SUPPLIED DATA:
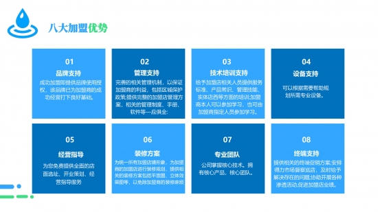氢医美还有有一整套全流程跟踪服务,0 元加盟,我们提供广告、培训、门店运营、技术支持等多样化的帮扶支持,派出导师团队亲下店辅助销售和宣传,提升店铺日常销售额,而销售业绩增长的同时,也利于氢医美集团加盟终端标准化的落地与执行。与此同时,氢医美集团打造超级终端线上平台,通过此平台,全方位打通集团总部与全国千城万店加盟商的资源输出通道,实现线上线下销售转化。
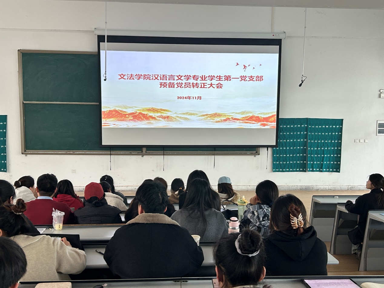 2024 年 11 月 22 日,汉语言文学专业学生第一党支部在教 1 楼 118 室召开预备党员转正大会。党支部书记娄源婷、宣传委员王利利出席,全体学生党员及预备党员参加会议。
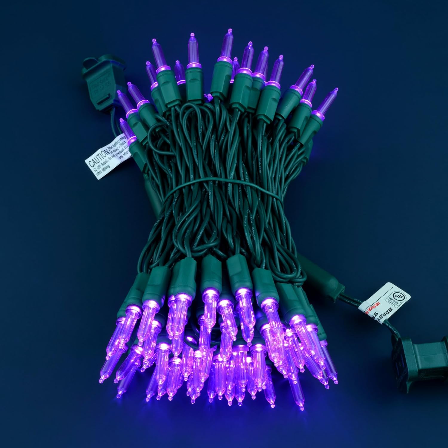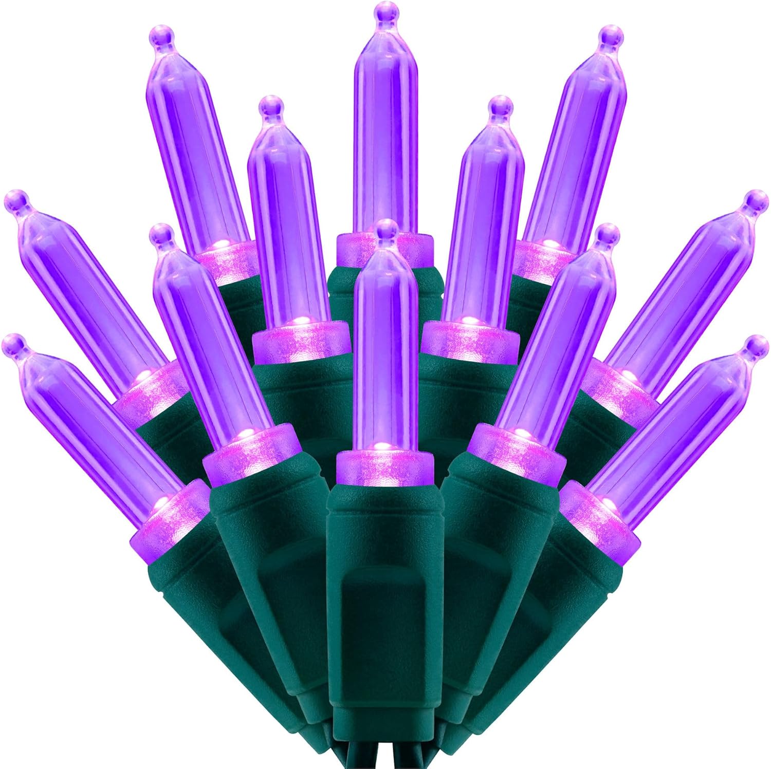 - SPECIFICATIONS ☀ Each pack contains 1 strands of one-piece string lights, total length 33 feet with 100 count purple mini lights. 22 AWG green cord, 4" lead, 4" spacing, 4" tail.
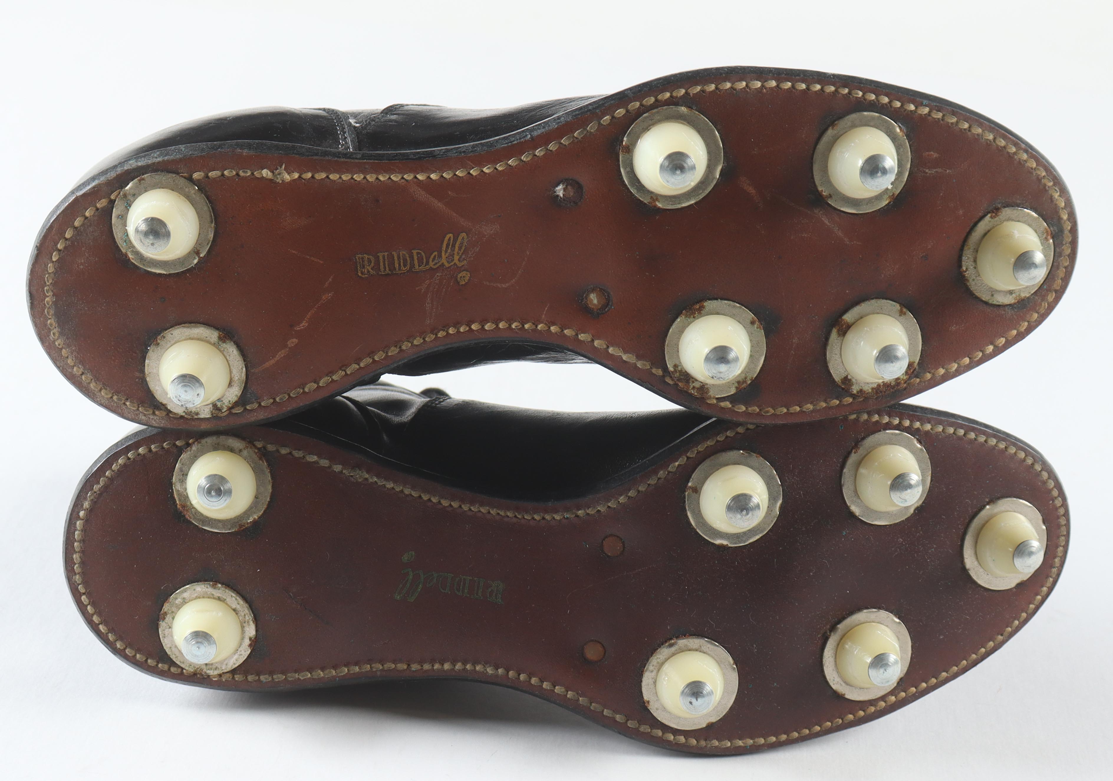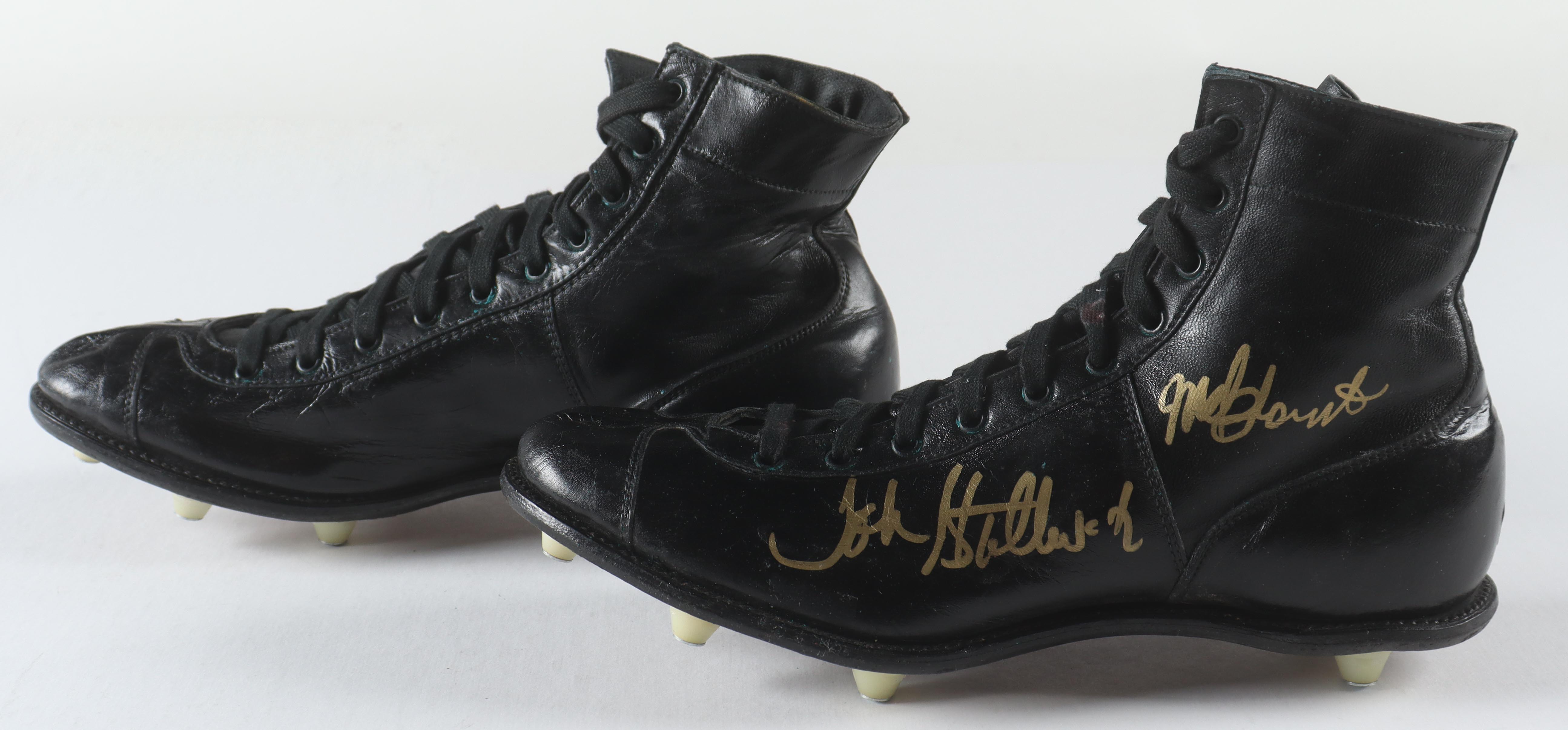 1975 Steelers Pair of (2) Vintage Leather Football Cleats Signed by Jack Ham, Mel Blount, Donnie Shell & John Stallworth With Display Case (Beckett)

ABOUT THIS EXERCISE:
Transcribe exactly the line containing "2024 年 11 月" and every line after it through the end of the listing above; pictures are not part of the copy.

YOUR RESPONSE:
 2024 年 11 月 22 日,汉语言文学专业学生第一党支部在教 1 楼 118 室召开预备党员转正大会。党支部书记娄源婷、宣传委员王利利出席,全体学生党员及预备党员参加会议。
 - SPECIFICATIONS ☀ Each pack contains 1 strands of one-piece string lights, total length 33 feet with 100 count purple mini lights. 22 AWG green cord, 4" lead, 4" spacing, 4" tail.
 1975 Steelers Pair of (2) Vintage Leather Football Cleats Signed by Jack Ham, Mel Blount, Donnie Shell & John Stallworth With Display Case (Beckett)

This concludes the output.